**DATA IN THIS EXERCISE**
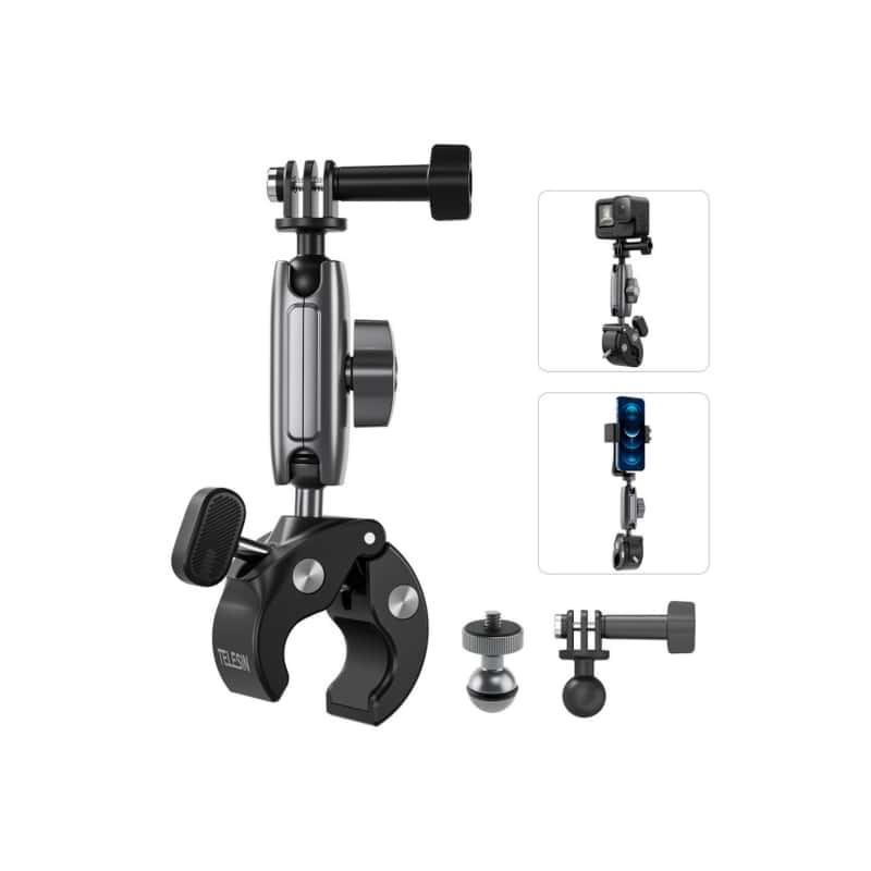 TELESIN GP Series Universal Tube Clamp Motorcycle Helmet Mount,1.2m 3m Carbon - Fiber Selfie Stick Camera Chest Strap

...

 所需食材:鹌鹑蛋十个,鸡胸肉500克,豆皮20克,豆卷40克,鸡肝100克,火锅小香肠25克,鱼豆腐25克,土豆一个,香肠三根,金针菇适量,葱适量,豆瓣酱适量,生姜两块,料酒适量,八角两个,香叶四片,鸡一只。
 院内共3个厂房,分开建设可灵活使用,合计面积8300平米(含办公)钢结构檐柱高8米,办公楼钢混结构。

---

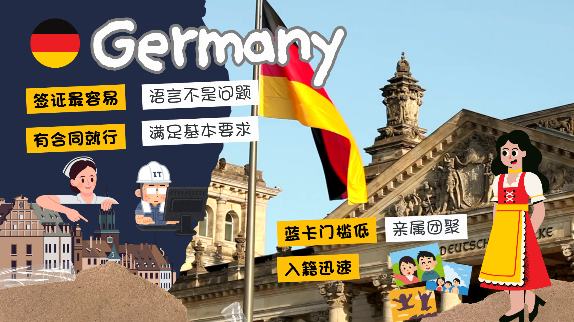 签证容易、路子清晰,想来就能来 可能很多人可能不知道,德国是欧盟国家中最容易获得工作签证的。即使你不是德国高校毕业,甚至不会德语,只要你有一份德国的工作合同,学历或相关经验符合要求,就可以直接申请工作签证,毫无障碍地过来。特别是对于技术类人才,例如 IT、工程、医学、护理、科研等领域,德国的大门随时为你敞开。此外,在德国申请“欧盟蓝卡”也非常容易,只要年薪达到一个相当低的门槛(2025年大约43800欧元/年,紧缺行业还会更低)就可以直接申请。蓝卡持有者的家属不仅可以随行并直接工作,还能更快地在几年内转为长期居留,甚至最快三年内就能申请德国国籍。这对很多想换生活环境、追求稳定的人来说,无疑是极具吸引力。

**PROBLEM TO WORK ON**
Retype the records above, but only those lines that fall between the line containing "所需食材:鹌鹑蛋十个,鸡胸肉" and the line containing "院内共3个厂房,分开建设可灵", with both of those lines included, exactly as written.

**TASK SOLUTION**
 所需食材:鹌鹑蛋十个,鸡胸肉500克,豆皮20克,豆卷40克,鸡肝100克,火锅小香肠25克,鱼豆腐25克,土豆一个,香肠三根,金针菇适量,葱适量,豆瓣酱适量,生姜两块,料酒适量,八角两个,香叶四片,鸡一只。
 院内共3个厂房,分开建设可灵活使用,合计面积8300平米(含办公)钢结构檐柱高8米,办公楼钢混结构。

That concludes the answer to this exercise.